RE: sputnik image solved!

From: Ted Molczan (
Date: Mon Oct 17 2011 - 06:02:11 UTC

  • Next message: Peter Wakelin: "SATOBS 2011 October 17"

    George Roberts wrote:
    > After 4 hours work I finally found where that sputnik image is within the
    > sky.  I owe most of the credit to  Here is a link to the
    > part of the image I used for the solve:
    Congratulations George!
    Earlier today, we both independently decided to give up on that poor reproduction of the Uppsala Schmidt image, but at
    heart we are not quitters, and while George was trying yet again, so was I, and I too finally got a solution:
    > Here is a shot of google maps with and without the photo superimposed on the
    > star field.
    > It was hard to get it to scale and rotate and fit just right.  Something is
    > distorted - probably the film or the reproduction process to get the image
    > onto the magazine.  The image turns out to be about 2 degrees the long axis
    > (not 4 degrees as predicted).  Also the image is not mirror image but as one
    > would see it looking at the sky.  North is down and to the left (you can see
    > a N on a compass circle in upper right corner of pictures).

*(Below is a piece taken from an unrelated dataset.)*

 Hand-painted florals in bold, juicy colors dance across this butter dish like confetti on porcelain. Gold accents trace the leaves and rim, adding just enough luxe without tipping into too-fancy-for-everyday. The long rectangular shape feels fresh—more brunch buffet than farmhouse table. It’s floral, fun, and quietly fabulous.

    > If you switch quickly between the above 2 images you can see that all the
    > stars line up.
    That is excellent. Makes clear how difficult this field is to ID, despite prior knowledge of the general location.

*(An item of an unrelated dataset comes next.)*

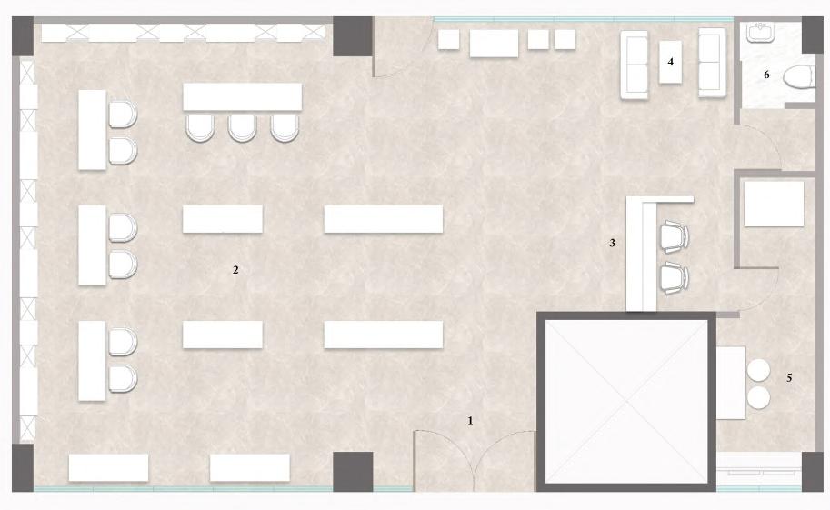Main Entry Display Area Reception Area Sitting Area Refreshment Area Wall mounted Display Pantry Area Visual Merchandise Entry

    For my solution, I used a more refined version of the approach I tried a couple days ago. I extracted a small portion
    that is somewhat clearer than most of the image, but this time I provide a more realistic estimate of the image size,
    and narrowed the radius of the search. That resulted in an almost immediate solution.
    > The path is extremely close to where Ted predicted it.  Just
    > eyeing it I'd say the path is 0.05 degree to the right of Ted's prediction
    > (but maybe I'm in the wrong epoch).  Still I had a heck of a time matching
    > up this rich milky way region of the sky.

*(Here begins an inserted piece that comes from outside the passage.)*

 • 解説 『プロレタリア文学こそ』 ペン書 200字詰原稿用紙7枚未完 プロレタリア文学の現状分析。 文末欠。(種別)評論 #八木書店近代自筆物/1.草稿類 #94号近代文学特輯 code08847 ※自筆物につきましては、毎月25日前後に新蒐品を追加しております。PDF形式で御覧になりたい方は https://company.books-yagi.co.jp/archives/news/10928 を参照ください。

    > As soon as the jiggling ends the path goes over a star at (according to
    > google earth):
    > 13h 42m 34.4s  dec -65 15' 15"
    > I don't know how to tell if it is epoch 2000 or some other epoch.  Anyone
    > know how to use google earth?
    I'll have to look into that. I extracted four positions spanning 1.1 deg of arc, and ~6 s of time. The cross-track
    residuals relative my best preliminary TLEs (derived several years ago) are within a few hundredths of a degree of arc.
    These new positions are more precise than most of the ones used to produce those elements, so the residuals are more a
    measure of the accuracy of the TLE than the new data.
    Greg Roberts and I have been conducting a similar exercise on a 1957 Nov 1 photo that he located, that was taken from
    what was then the Union Observatory in Johannesburg. The star field was identified on Sunday, and the image has yielded
    several excellent positions that will help constrain the orbit analysis.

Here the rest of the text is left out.